_TASK DETAILS_
Find the line with "חתונה צבאית בכננוזי" in the records below. Output exactly from there until after the line with "Масс-старт лыжниц. Зрители", without pictures.

_INPUT MATERIAL_
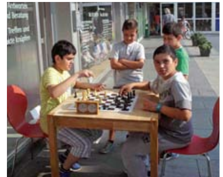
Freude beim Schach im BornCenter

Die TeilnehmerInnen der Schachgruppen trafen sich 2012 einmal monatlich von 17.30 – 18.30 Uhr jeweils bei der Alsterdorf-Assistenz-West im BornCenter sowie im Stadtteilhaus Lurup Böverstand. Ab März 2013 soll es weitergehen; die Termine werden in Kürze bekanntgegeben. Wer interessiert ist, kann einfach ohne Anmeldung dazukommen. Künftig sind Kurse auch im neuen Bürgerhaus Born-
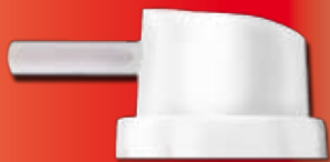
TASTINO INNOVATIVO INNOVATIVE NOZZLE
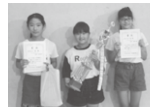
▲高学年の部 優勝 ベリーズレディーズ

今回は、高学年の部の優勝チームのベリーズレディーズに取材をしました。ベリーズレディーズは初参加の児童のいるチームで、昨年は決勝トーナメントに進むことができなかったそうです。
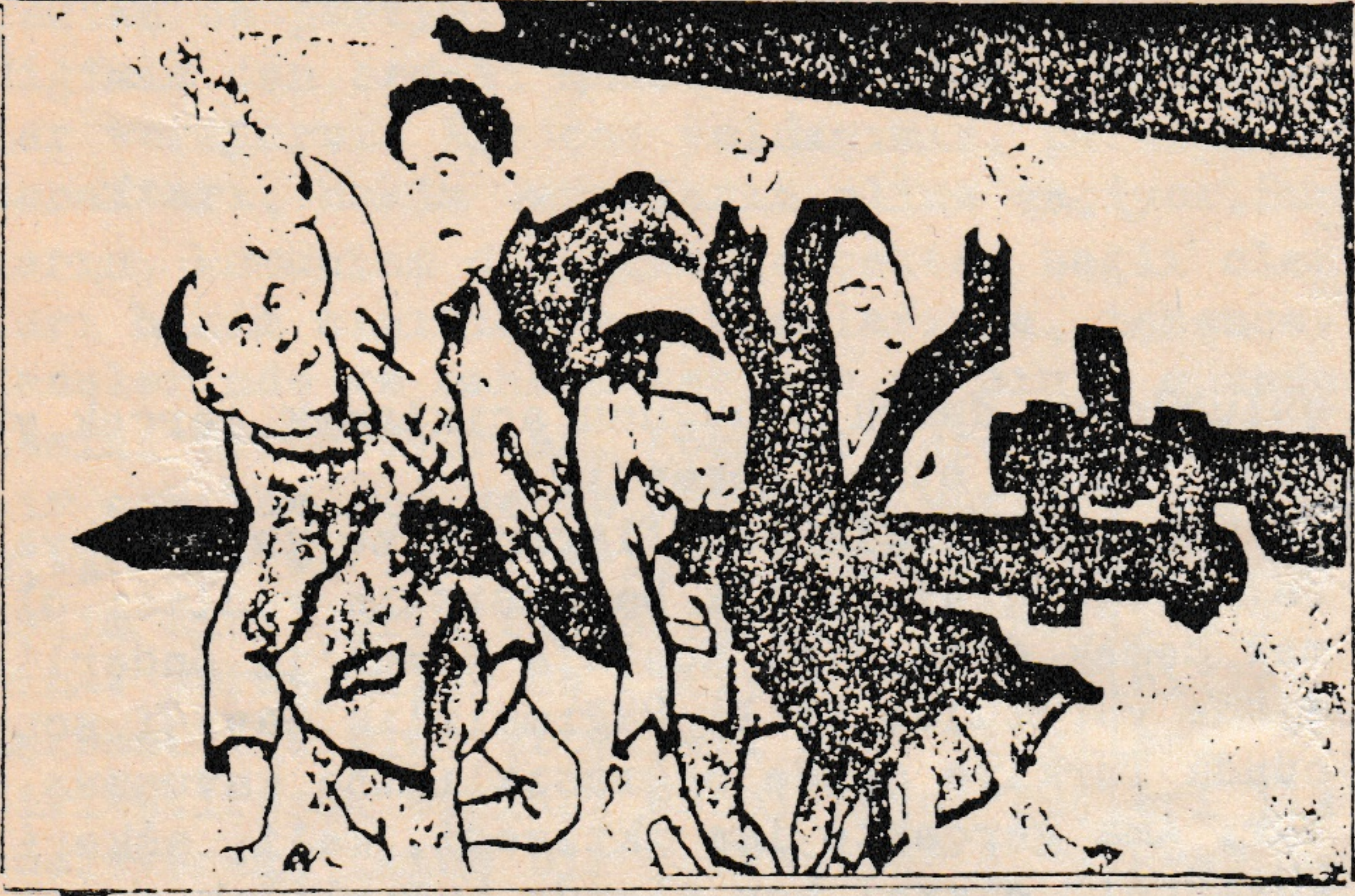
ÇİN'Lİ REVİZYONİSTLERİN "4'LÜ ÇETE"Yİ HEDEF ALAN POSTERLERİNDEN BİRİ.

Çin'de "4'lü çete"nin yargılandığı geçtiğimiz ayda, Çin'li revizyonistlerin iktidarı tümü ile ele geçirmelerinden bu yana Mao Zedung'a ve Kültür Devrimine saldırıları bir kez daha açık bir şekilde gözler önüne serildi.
...
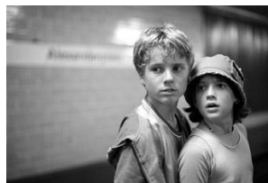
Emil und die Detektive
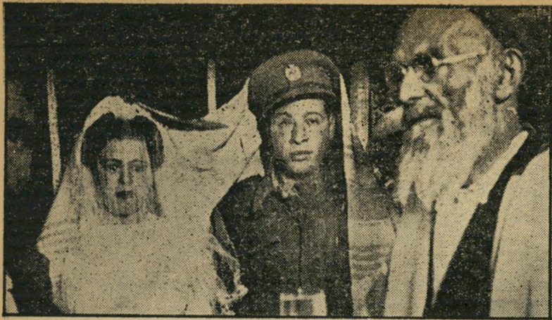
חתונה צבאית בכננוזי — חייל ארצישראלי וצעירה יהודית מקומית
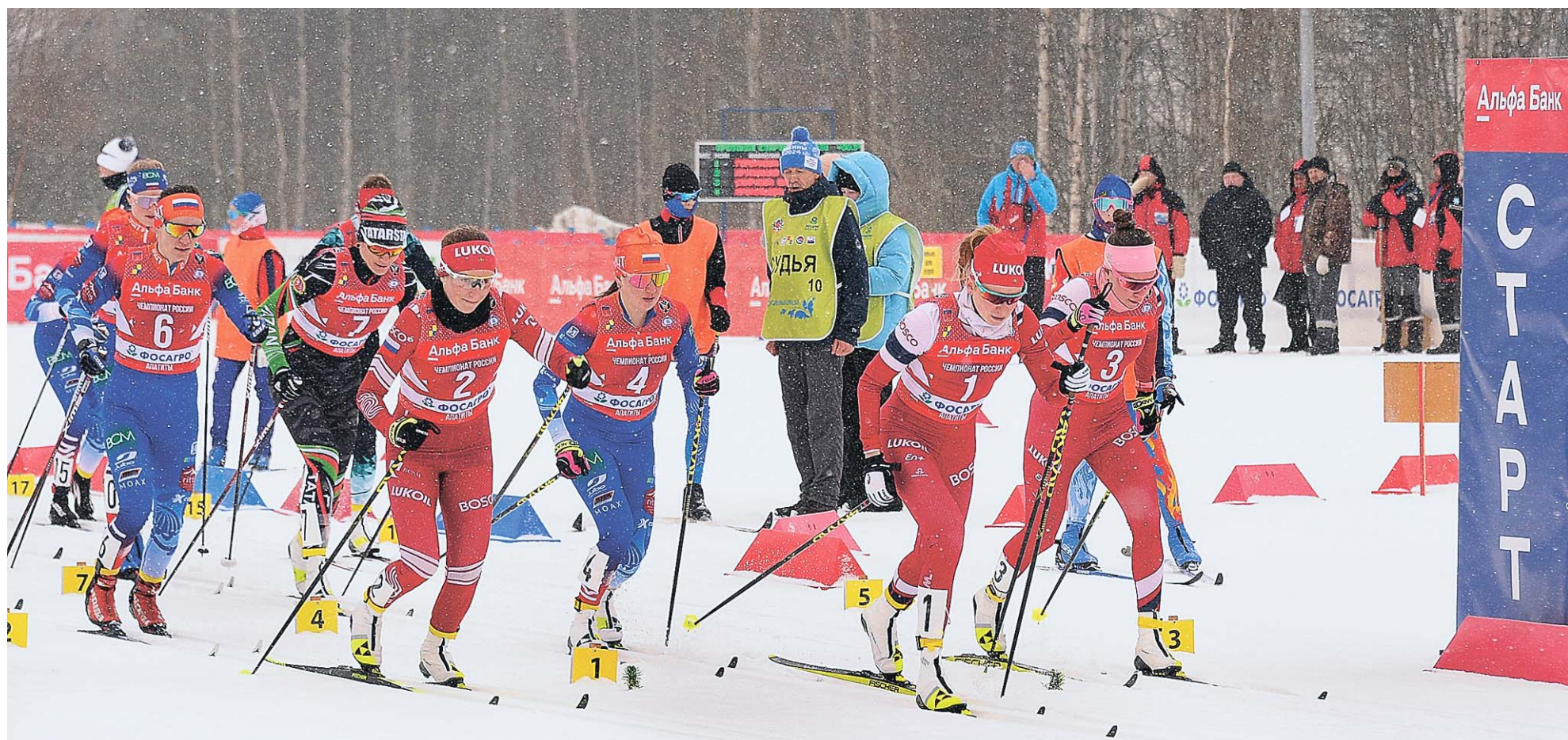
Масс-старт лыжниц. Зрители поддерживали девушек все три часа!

_ANSWER FOR THIS EXERCISE_
חתונה צבאית בכננוזי — חייל ארצישראלי וצעירה יהודית מקומית
Масс-старт лыжниц. Зрители поддерживали девушек все три часа!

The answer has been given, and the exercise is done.